Reciprocally, this stage is also difficult for those who exercise the parental function. Parents, faced with the child's growth process, must go through different transformations and face multiple relocations. Some of these consist of facing various mourning processes - detaching from the child, ceasing to function as an idol and accepting a relationship full of criticism and ambivalence, admitting their own aging, among others - and reliving aspects of their own adolescence and the relationship with their own parents. At the same time, they must strike a balance between being neither too overprotective or invasive, nor too permissive or absent.

What "listening" is all about

However, if the psychic structure and the affective family support of the young person are not able to withstand or contain such states, the consumption of alcohol and/or drugs that society and peer groups offer them serves to alleviate the discomfort and find some moments of relief.

As we said before, the core of the problem is not the substances, but what happens to that young person who cannot find other ways to elaborate and solve the conflicts and processes he/she is going through. It is necessary to elucidate what the drug is for and why he/she cannot find another way to deal with the obstacles he/she faces.

Although not every adolescent who uses or tries drugs or alcohol becomes addicted, many can become so. Also, prolonged treatment is not always necessary; a few interviews with a professional can clarify the situation. In many cases a frank approach by those in a parental role may be enough to help them find a path that will give them more elements to resolve the crisis.

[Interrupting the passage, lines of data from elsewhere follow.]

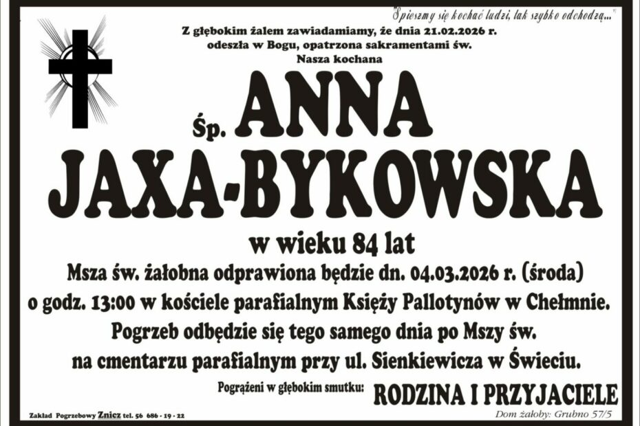 Z głębokim żalem zawiadamiamy o śmierci śp. Anny Jaxy-Bykowskiej
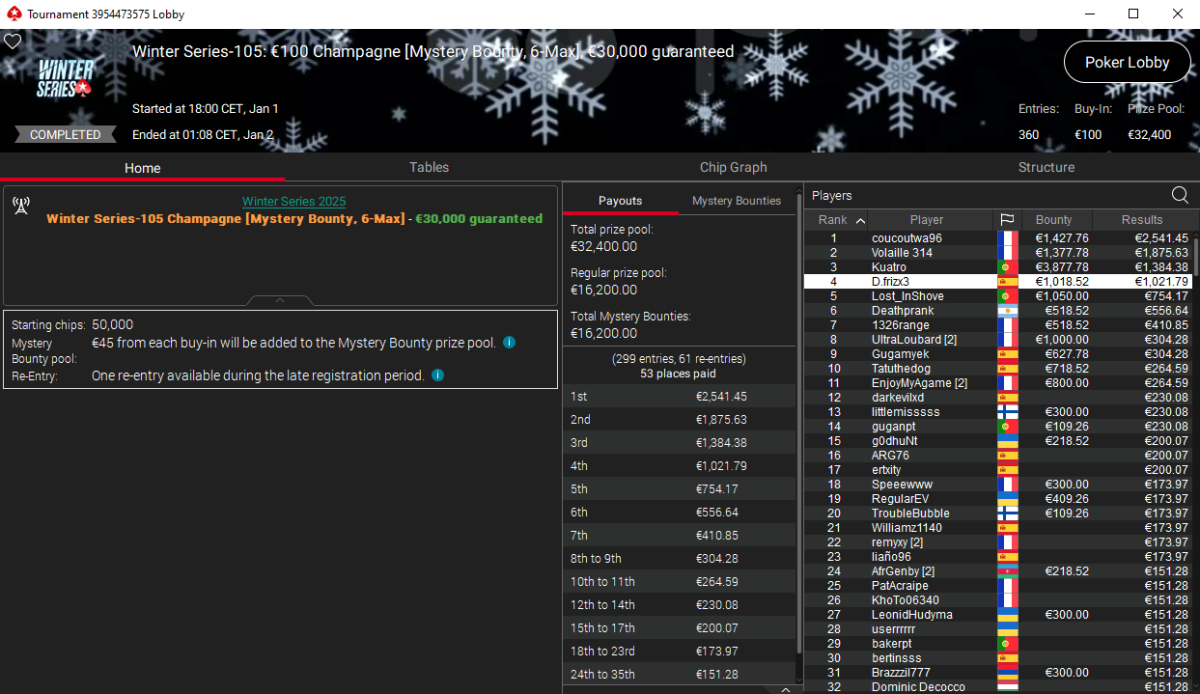 La lista de resultados destacados se completa con varios puestos de mérito. zsayd fue tercero en el Winter Series-109 Royal Rumble por 1.423 € en total, mientras que D.frizx3 acabó cuarto en el Winter Series-105 Champagne (€100 Mystery Bounty) llevándose 2.040 entre premio y sobres.
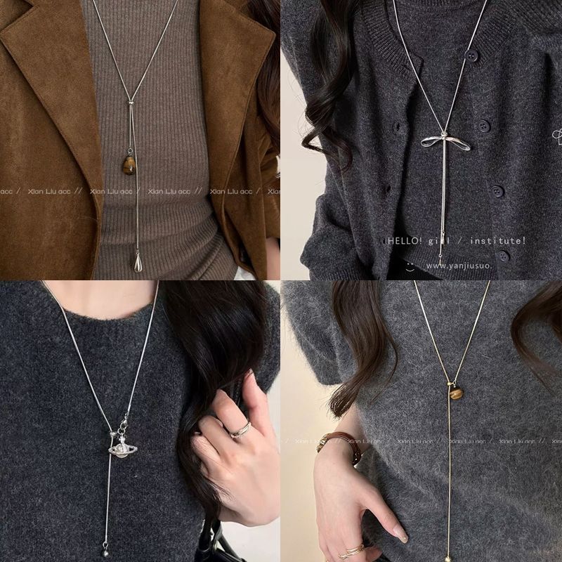 Tiger Eye Stone Water Drop Pull Necklace Women's 2025 New Hot Style Light Luxury Niche Design Long Sweater Chain Accessories
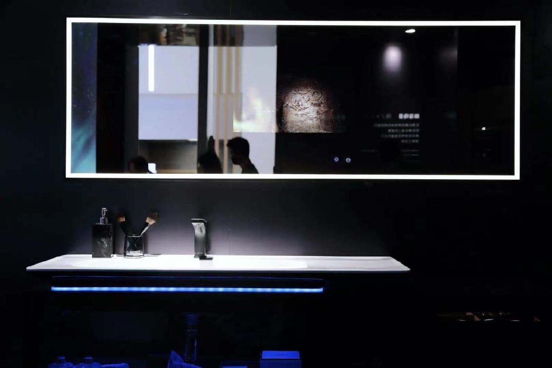 自带抗菌功能的浴室柜,搭配黑白双色无缝拼接亚克力台盆和氛围灯,智慧又时尚。通过智能魔镜,可以一键看新闻、查天气、播视频、控制家里的智能电器,轻松实现整体空间智能设备的物联。浴室柜搭载有灵敏的感应系统,轻轻触摸即可开启抽屉和柜门,面盆龙头感应触控双功能,可以数显精准控温。此外,还特别设置了无线充电功能,方便给手机充电。
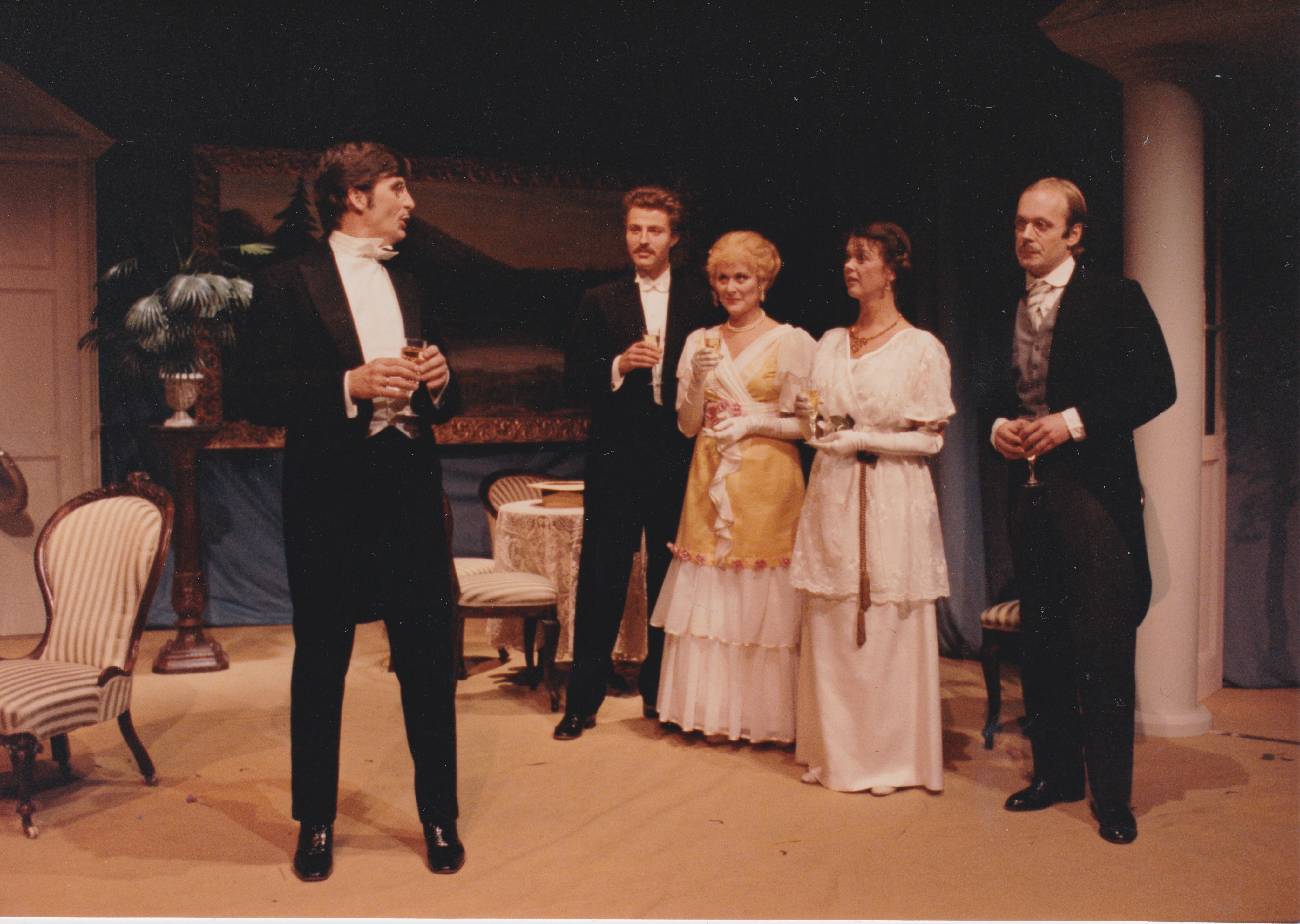 In the photo:The League of Youth, The Norwegian Touring Theatre 1982. Photo from Act 2 with Arne O. Reitan, Leif Blix Austad, Berit Kullander, Reidun Nortvedt and Jan Grønli.

Parents of teenagers and young adults often ask how to know if their child is "on drugs". The answer is not simple; but certainly, one of the ways to answer it is to listen to them. Adolescents - and not only adolescents - are better able to talk about any subject with those who "know" how to listen. Certain attitudes block the possibility of communication and are incompatible with a genuine willingness to listen. When you judge, advise or lecture excessively, or criticize and ridicule, or disregard or take lightly their opinions, or there are major contradictions between what you say and what you do, you are placing obstacles in the bond with your children. "Listening" is not only about not interrupting while the other person is talking, but also about trying to understand what he/she is telling us and what he/she wants to tell us.